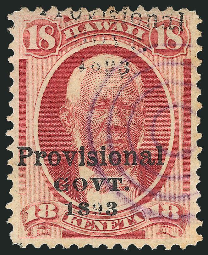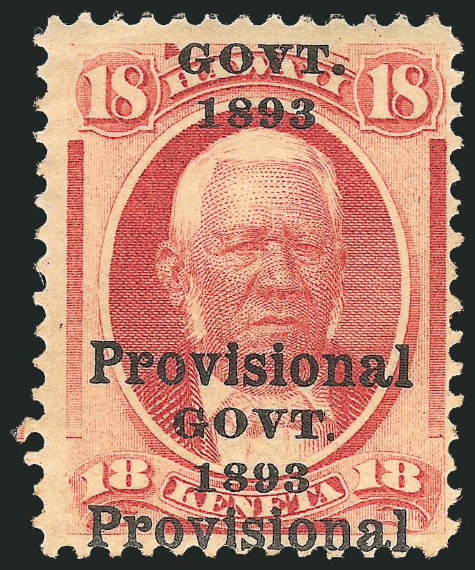 752°   Image1893, 18c Dull Rose, Category III Double Black Ovpt. (71f). Neat blue four-ring target cancel, clear second overprint at top, wide nicely balanced margins, Very Fine and choice, a premium example of this double overprint variety, with 1978 P.F. certificate, listed but unpriced in Scott as used (Image)
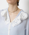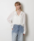 ワイドパンツやマニッシュなスラックスと合わせて甘さを程よく抑えたスタイリングや、ジャンパースカートやキャミワンピースのインナーとしてレース襟をポイントにしたレイヤードコーデもおすすめ。
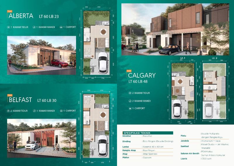Calgary adalah tipe rumah di kawasan Citaville Parung Panjang dengan detail: Bangunan 2 lantai berdimensi 5 x 12 m. 2 Kamar tidur beserta 1 ruang tamu. 2 Kamar mandi dan disertai carport yang cukup untuk parkir 1 unit mobil dan 1 sepeda motor.
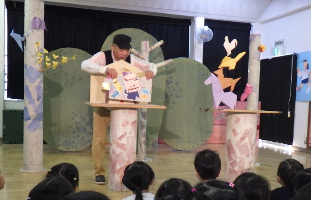 11月10日、劇団風の子関西の方をお招きし、「タックンとおりがみおじさん」の劇を観劇しました。

INSTRUCTIONS FOR THE TASK:
Once the pictures are set aside, please output all the data word for word.

RESULT:
 752°   Image1893, 18c Dull Rose, Category III Double Black Ovpt. (71f). Neat blue four-ring target cancel, clear second overprint at top, wide nicely balanced margins, Very Fine and choice, a premium example of this double overprint variety, with 1978 P.F. certificate, listed but unpriced in Scott as used (Image)
 ワイドパンツやマニッシュなスラックスと合わせて甘さを程よく抑えたスタイリングや、ジャンパースカートやキャミワンピースのインナーとしてレース襟をポイントにしたレイヤードコーデもおすすめ。
Calgary adalah tipe rumah di kawasan Citaville Parung Panjang dengan detail: Bangunan 2 lantai berdimensi 5 x 12 m. 2 Kamar tidur beserta 1 ruang tamu. 2 Kamar mandi dan disertai carport yang cukup untuk parkir 1 unit mobil dan 1 sepeda motor.
 11月10日、劇団風の子関西の方をお招きし、「タックンとおりがみおじさん」の劇を観劇しました。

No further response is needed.